Outside of the top-10 pharma company that is in partnership discussions with Abalone, no other pharma company has found a cell surface receptor activating antibody.

Aside from large established antibody discovery companies, there are a handful of startups targeting this sector. The most notable is Tectonic (more on them below). We believe Abalone’s discovery platform is best-in-class relative to its peers, both large and small. Abalone’s system can test billions of antibodies per experiment (100X+ more than other antibody discovery methods). The sheer throughput volume of the FAST system combined with Abalone’s high quality extensive antibody library allows them to find a needle in the haystack that others simply cannot find.

Exit Comps

Looking at recent private market comps, Tectonic raised an $80M Series-A in April 2021. Tectonic is primarily an antibody discovery platform targeting GPCRs.
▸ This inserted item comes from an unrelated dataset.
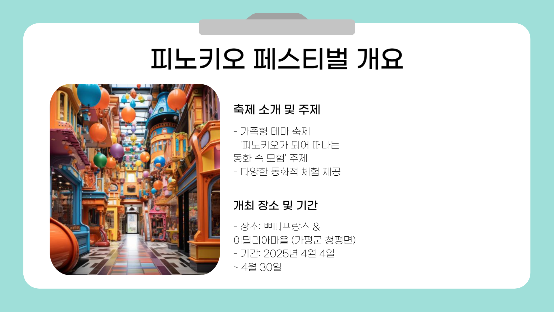 경험이 될 것입니다. 가평 쁘띠프랑스와 이탈리아마을 특유의 이국적 분위기 속에서 동화 속 주인공이 되어보는 하루는 남녀노소 누구에게나 잊지 못할 추억이 됩니다. 봄나들이와 여행지로 고민 중이라면, 피노키오 페스티벌 2025를 적극 추천드립니다. 지금 바로 일정 확인하시고 사랑하는 사람과 함께 가평으로 떠나보세요!

Septerna, a non-antibody GPCR company started by Third Rock raised a $100M Series-A in January 2022. ShouTi (now Structure) Therapeutics, another non-antibody GPCR company, raised a $133M Series-B in October 2021. Based upon the sizes of these raises and the ownership targets of the investors involved, we assume they all raised at valuations ranging from $200M on the low end to $400M on the high end.

Adimab was considering going public at a ~$5B valuation prior to public biotech valuations pulling back significantly in Q4 2021. Adimab is on the extreme partnership-services side of the partnership-services model versus the internal development pipeline valuation spectrum. Abalone has significantly more traction and potential relative to developing an internal therapeutics pipeline, but Adimab is a good example that shows how much value even a primarily discovery + backend milestone business model can generate in the antibody sector.

AbCellera also falls on the extreme partnership-services end of the valuation spectrum. AbCellera focuses on discovery of antibody therapeutics with backend development milestone payments from partners. AbCellera went public at a $5.3B valuation and has pulled back to a $3.2B valuation in the recent biotech valuation environment.

Achievement of an exit primarily based upon a successful partnership discovery + backend milestone business model (i.e., lacking a compelling internal development pipeline) in the valuation range of Adimab and AbCellera would result in a promising return for Seed stage investors.

Looking at potential exit comps based upon companies with a partnership-based fundamentally enabling technology that drove into internal pipelines business model perspective:

– Genmab ($23B) – transgenic mouse-based discovery technology

– Amgen ($133B) – molecular genetics

– Genentech ($47B) – molecular biology / antibodies

– Biogen ($31B) – molecular biology

– Gilead ($80B) – DNA drug technologies

Exits of this nature would result in a 5-20x multiple magnitude improvement upon the already impressive return profile for the partnership discovery + backend milestone comps.

Any exit of this nature would be directly linked to patient outcomes. We are thrilled to be supporting Richard and the Abalone Bio team in their mission to bring a new class of antibody drugs to market and dramatically improve the lives of patients.